Question

prove that root 2 and root 7 irrational number by mathematically mathematically

Answer 1

Hello Mate!

$let \: \sqrt{2} \: be \: rational \: no. \\ \sqrt{2} = \frac{p}{q} \\ 2 = \frac{ {p}^{2} }{ {q}^{2} } \\ 2 {q}^{2} = {p}^{2} \\here \: 2 \: is \: factor \: of \: q \\ p \\ let \: some \: natural \: no. \: be \: m \\ 2m = p \\ {2}^{2} {m}^{2} = {p}^{2} \\ 4 {m}^{2} = 2 {q}^{2} \\ 2 {m}^{2} = {q}^{2} \\ hre \: 2 \: is \: factor \: of \: q$

But it can not be possible.

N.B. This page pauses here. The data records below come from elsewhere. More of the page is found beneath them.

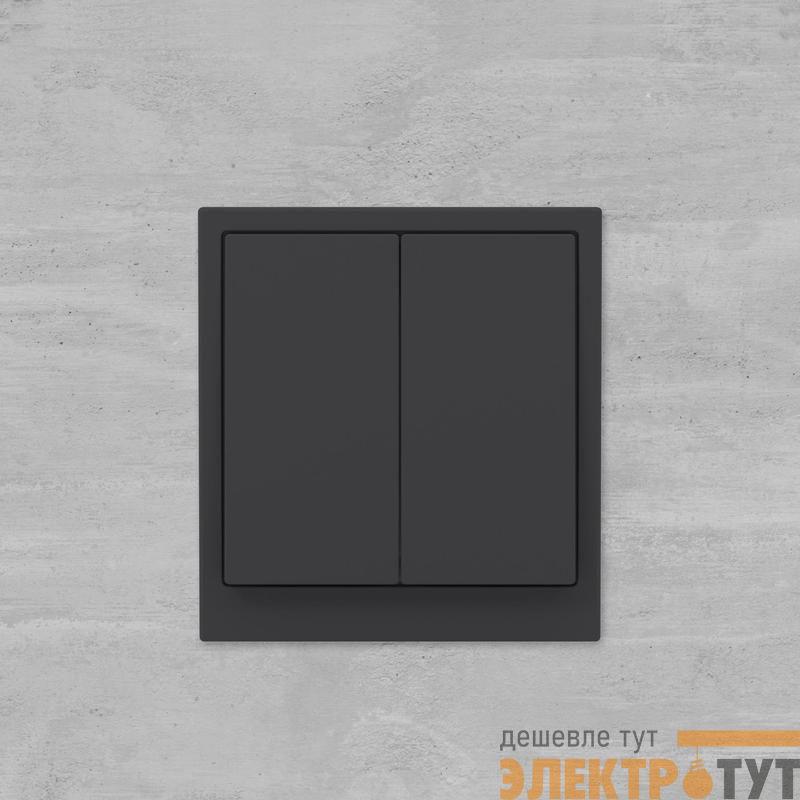 Двухклавишный переключатель применяется для управления двумя контурами освещения из 2 мест. Предназначен для скрытого монтажа в стену. Характеристики устройства: номинальное напряжение 250 В, номинальный ток 16 А. Материал: металл, поликарбонат. Пластиковые элементы имеют цвет "Черный уголь". Для декоративного оформления электроустановочных изделий используются рамки серии "KANT".
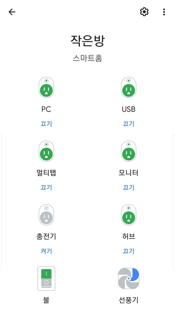 예를들면 "작은방 다꺼줘~" 라고 하면 작은방에 있는 전등이나 멀티탭, 선풍기 이런것들을 다 꺼주더구요 ㅎㅎ
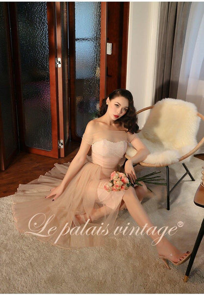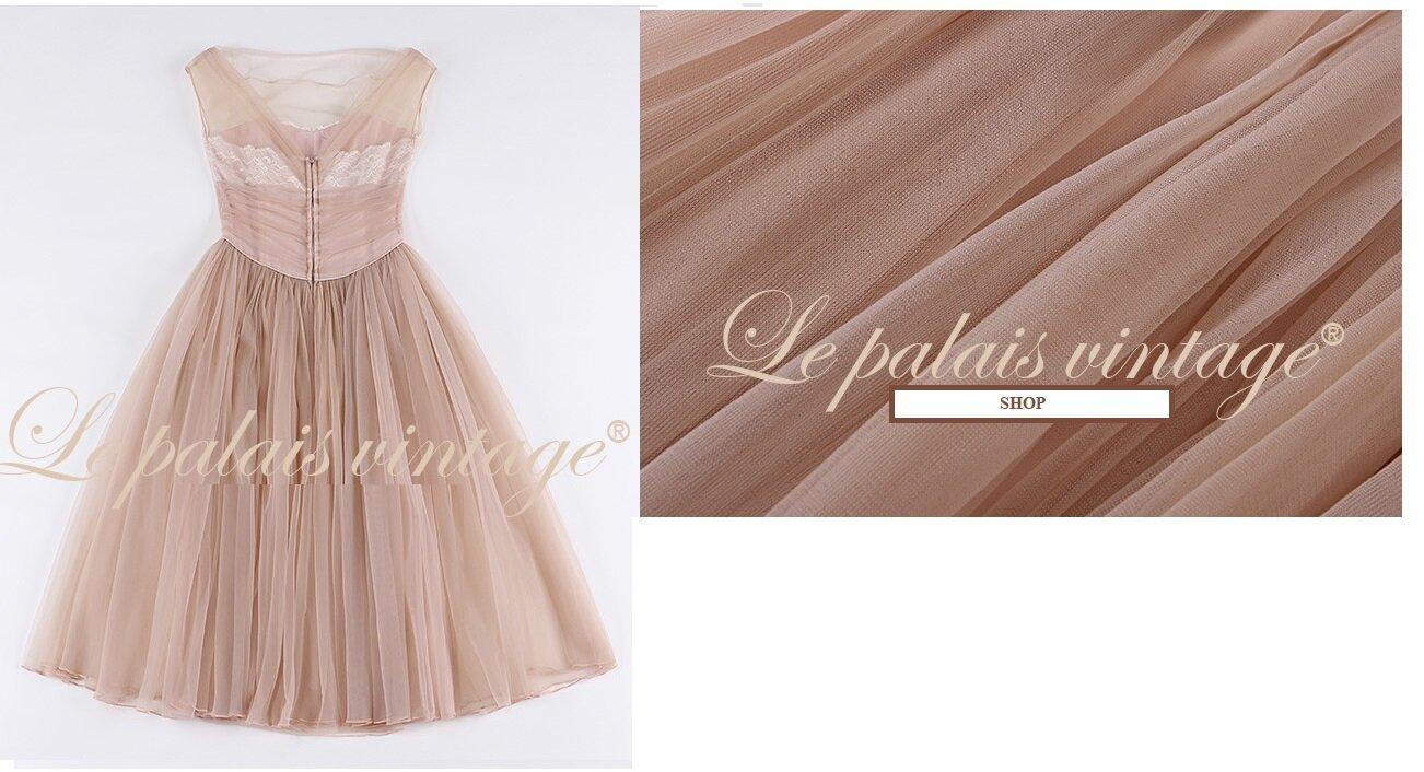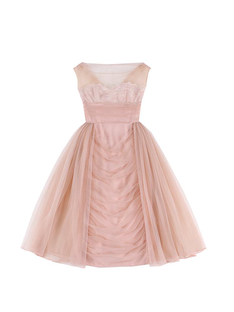 Le Palais vintage original peach elegant retro lace pleated vintage dress- Kion
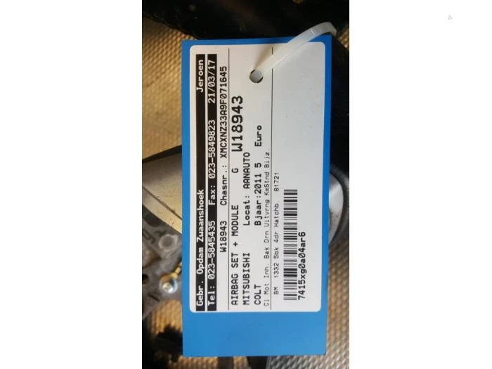 Bent u op zoek naar een betrouwbaar en kwalitatief Airbag Set+Module van het merk Mitsubishi? Dan hoeft u niet verder te zoeken. Wij beschikken over een ruime selectie Airbags die geschikt zijn voor diverse automerken en -modellen. Kunt u het juiste onderdeel niet vinden of twijfelt u of het past bij uw auto? Neem dan gerust contact met ons op via onderstaande contactgegevens. Wij helpen u graag verder.

So contradiction says that
$\sqrt{2} \: is \: irrational$

Similarly in case of root 7

$\sqrt{7} = \frac{p}{q} \\ 7 = \frac{ {p}^{2} }{ {q}^{2} } \\ 7 {q}^{2} = {p}^{2} \\ 7 \: is \: factor \: of \: p \\ 7m = p \\ {7}^{2} {m}^{2} = {p}^{2} \\ 49 {m}^{2} = 7 {q}^{2} \\ 7 {m}^{2} = {q}^{2} \\ 7 \: is \: factor \: of \: q$

But contradiction says that root 7 is irrational no. , because it cannot have common factor.